Perhaps the simplest of all to understand, a DELETE request instructs the server to delete the resource identified by the given URL.

So, to continue our messages example, we might request:

DELETE /message/123

in order to delete the message with the ID 123.

The right verb for the right job

Choosing a verb can be difficult. There are three things to consider: the semantic qualities of the API you’re creating; the practicalities of clients; and the qualities of safeness and idempotency.

The first concern is fairly straightforward: it’s basically the answer to the question “which verb reveals my intentions the most clearly?”. So if the request will delete a resource, it makes most sense for that request to be a DELETE; if the request will modify an existing resource, you might choose PUT; and so on.

The second is more tricky. Browsers, even modern ones, typically allow forms to make only GET and POST requests. Other methods can be used via JavaScript, but if you’d like your actions to be accessible from a regular form, you need to limit yourself to just GET and POST.

Anne van Kesteren has a useful article, albeit from 2007, that outlines the browser support for request methods in AJAX calls.

For the third concern, we’ll need to dig a little deeper.

Safe requests

A request is considered to be “safe” if it doesn’t modify resources. GET and HEAD requests should always be safe; they’re meant to return resources, not alter them.

This has implications for caching; since safe methods don’t alter resources, they can generally be safely cached without fear of altering behaviour.

Idempotency and side-effects

Idempotency is a highfalutin’ maths word, but behind it is a relatively simple concept. It’s the idea that, no matter how many times you perform an action, the state of the system you’re dealing with will remain the same.

Consider a PUT request:

PUT /messages/123

After we run this request, the message with the ID 123 will have been updated with the body of our request. If we run it again, there will be no difference; the message with the ID 123 will be the same. We could run this request over and over and over again, and nothing would be different; because of this, we can say that this request is idempotent.
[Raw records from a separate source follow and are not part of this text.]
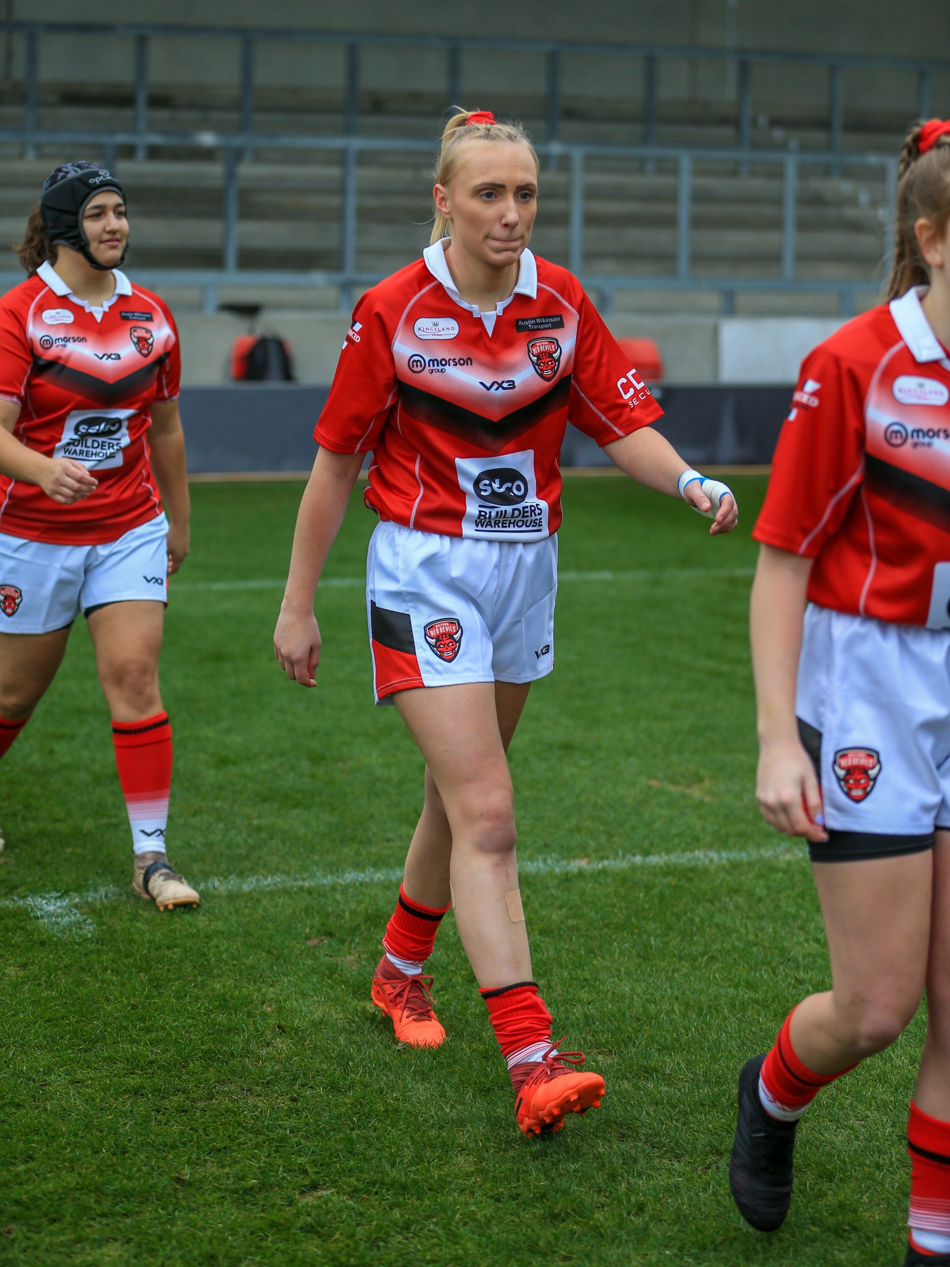 The try scorers were; Alex Simpson with two, Michelle Davis, Marnie-Lee Kelly, Jen Myler with two, Summer Harris and Sam Evans.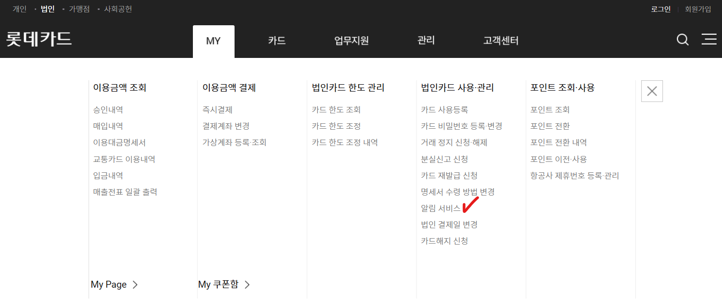 롯데카드 법인 홈페이지 → MY → 법인카드 사용 관리 → 알림 서비스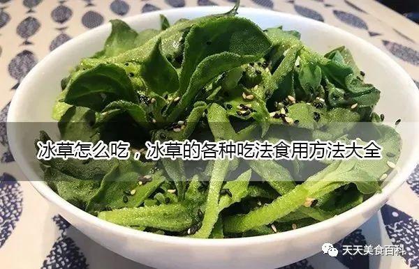 3、凉拌冰草 取冰草500克、炒熟的黄豆5克、熟芝麻3克、剁椒酱1勺、生抽3勺、白醋半勺、焙煎芝麻沙拉汁5克、凉白开30克。准备好原材料,冰草清洗干净,摘成小段。将炒熟的黄豆用擀面杖碾成碎瓣,用一个小碗,加入自制剁椒酱、焙煎芝麻口味沙拉汁,加入生抽、白醋、熟芝麻、黄豆碎瓣、凉白开,搅拌均匀,蘸着酱料汁就可以吃了,不仅美味,并且含有丰富的营养物质,可以补充营养。 4、冰草沙拉 冰草300克、西红柿半个、柠檬半个、蓝莓20粒、盐焗腰果12粒、橄榄油适量。准备好原材料,西红柿切块、柠檬切片备用。用手把冰草撕成小片,加入切好的西红柿和柠檬。放入洗好的蓝莓,淋入适量橄榄油,加入盐焗腰果,搅拌均匀即可装盘,有治疗和预防咳嗽以及哮喘的作用。 二、冰草的各种做法大全 凉拌冰草 1、冰草洗干净。
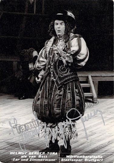 Austrian bass (1942-2009).  Signed photo shown as Van Bett in Lortzing's Zar und Zimmermann. Also signed and inscribed on verso, dated in 1986. Stamped on verso by photographer Harri Irmler, Berlin. Size 4 x 6 inches.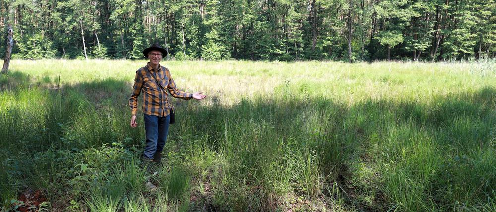 Krumme Laake, nie gehört. Das muss sich ändern. Landschaftsplaner Justus Meißner wartet bereits am verabredeten Treffpunkt im Stadtteil Berlin-Müggelheim, Duchrother/ Ecke Staudernheimer Straße. Ein paar Schritte, schon sind wir im Wald. Unter hohen Kiefern wuchert es in satten Grüntönen. Der Regen hat der Natur gut getan. Herrlich.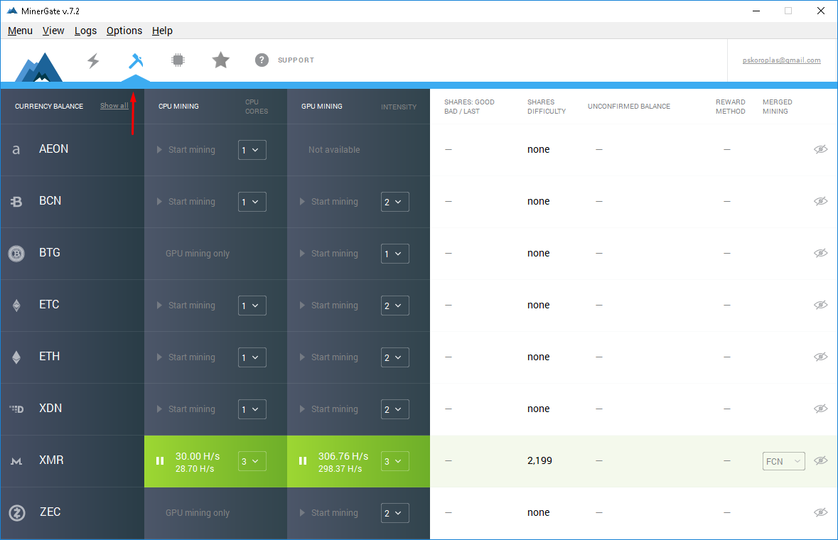 MinerGate не майнит? Проверьте, правильно ли вы ввели почту в программе или обратитесь в техподдержку.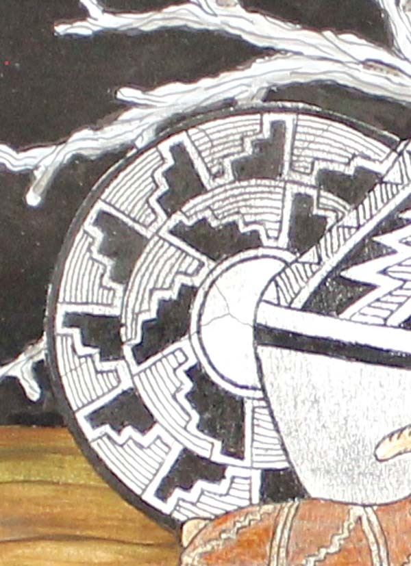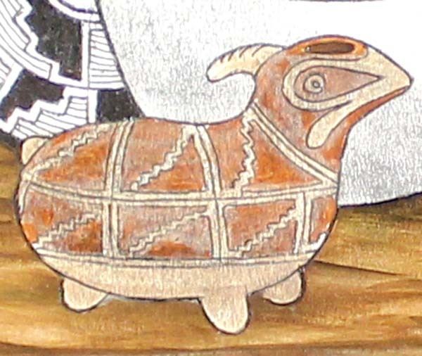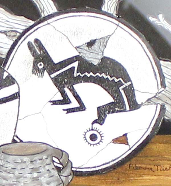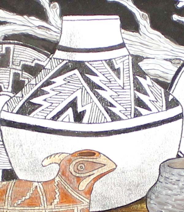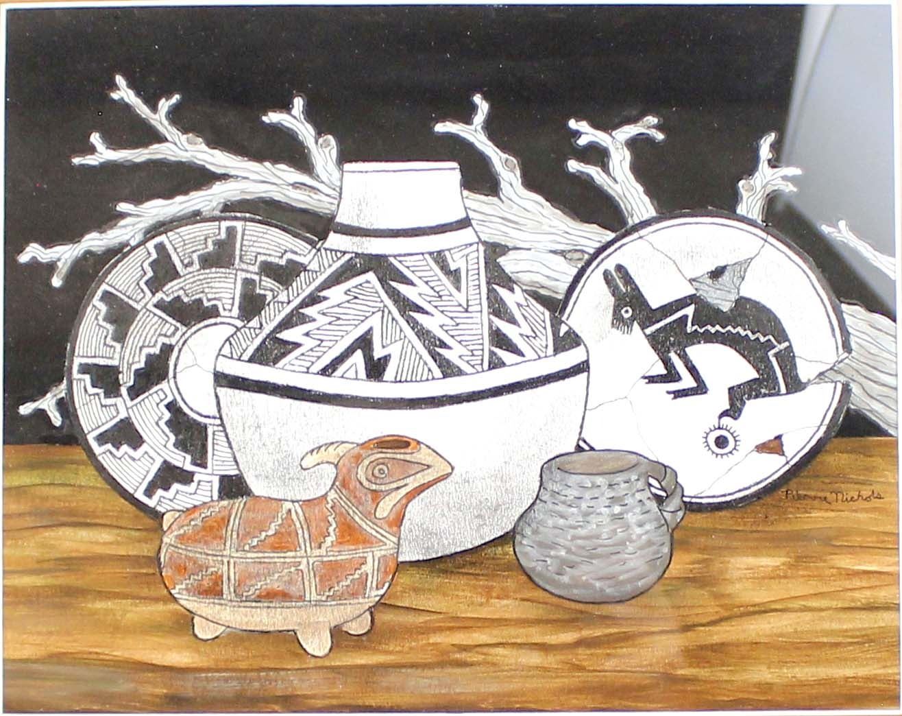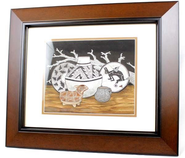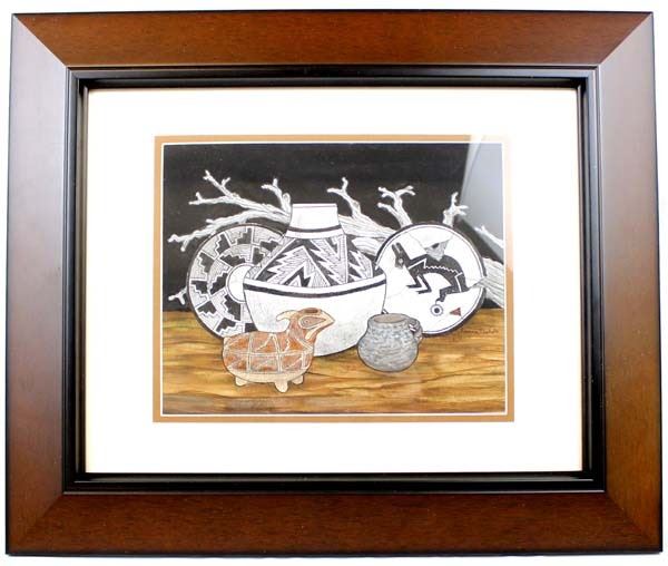 Original Acrylic & Ink Painting by Pierre Nichols, features Mimbres designed pottery, professionally framed, matted, and under glass, visual measures 9.5'' x 7.5'', overall framed measurement of 18'' x 15'' and is signed by the artist, FYI: Pierre Nichols, is a Silver City, multi-media artist best known for his years of making reproductions of Mimbres pottery using gourds. His work is collected by many, as well as by professionals in the field of archeology. Over a dozen of his gourd reproductions are a major part of the permanent display at the Mimbres Heritage Center Museum, located in the Mimbres Valley, New Mexico. Continuing with his love for the Mimbres culture, he has done beautifully detailed paintings of the Mimbres pottery, as large pieces as well as some very special small miniatures, some of which we have here for the auction. Twelve miniatures, each hand inked and painted. A wonderful collection if you are lucky enough to get them all. Also of interest are his ''nicho'' inspired contemporary devotionals which he has made in beautiful detail, often using inlays of brass, and recycled woods etc. Pierre continues to offer artwork through galleries, arts shows in surrounding states and his website, as both an artist as well as a published author.''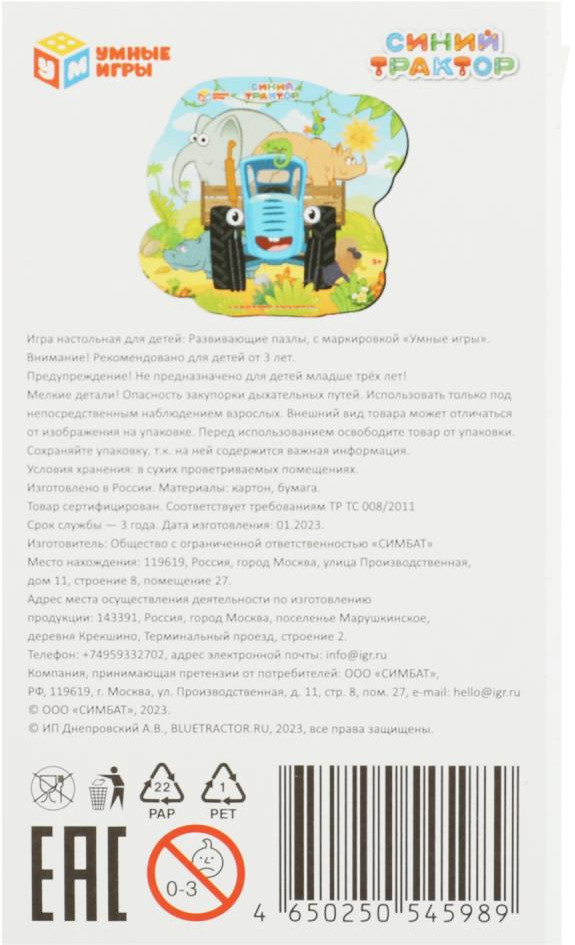 💳 Оплатить за товар можно при получении 🇰🇿 Есть бесплатная доставка по Казахстану от 1 дня 🎁 Копите бонусы с каждой покупки Серия: Синий трактор Фигурный пазл в рамке «Синий Трактор в Африке» ТМ «Умные игры» непременно понравится маленькому любознайке.Задача ребёнка – в правильной последовательности соединить пазлы друг с другом и получить в результате готовую картину с изображением персонажей любимого мультсериала. Благодаря небольшому количеству деталей и рамке с подсказками, малыш без труда сможет выполнить задание, с каждым разом делая это всё лучше и быстрее. |

Contrast this with a POST request:

POST /messages

This request will create a new message. If we run the request again, another message will be created; if we run it a third time, we’ll have created three new messages, and so on. For this reason, this request is not idempotent: the state of the system (i.e. how many posts there are) depends on how many times we’ve made this request.

Conclusions

A well-designed API is one that has good semantic value, and that reveals its intentions to its users. I know that if I make a DELETE request to a particular resource I’m going to end up deleting that resource; if I make a GET request, I can hopefully be confident that I’m going to merely fetch the resource and not cause any side-effects.

Choosing your verbs carefully will mean you have to write less documentation, have to manage fewer URLs in your backend code, and have to write less parameter-checking boilerplate.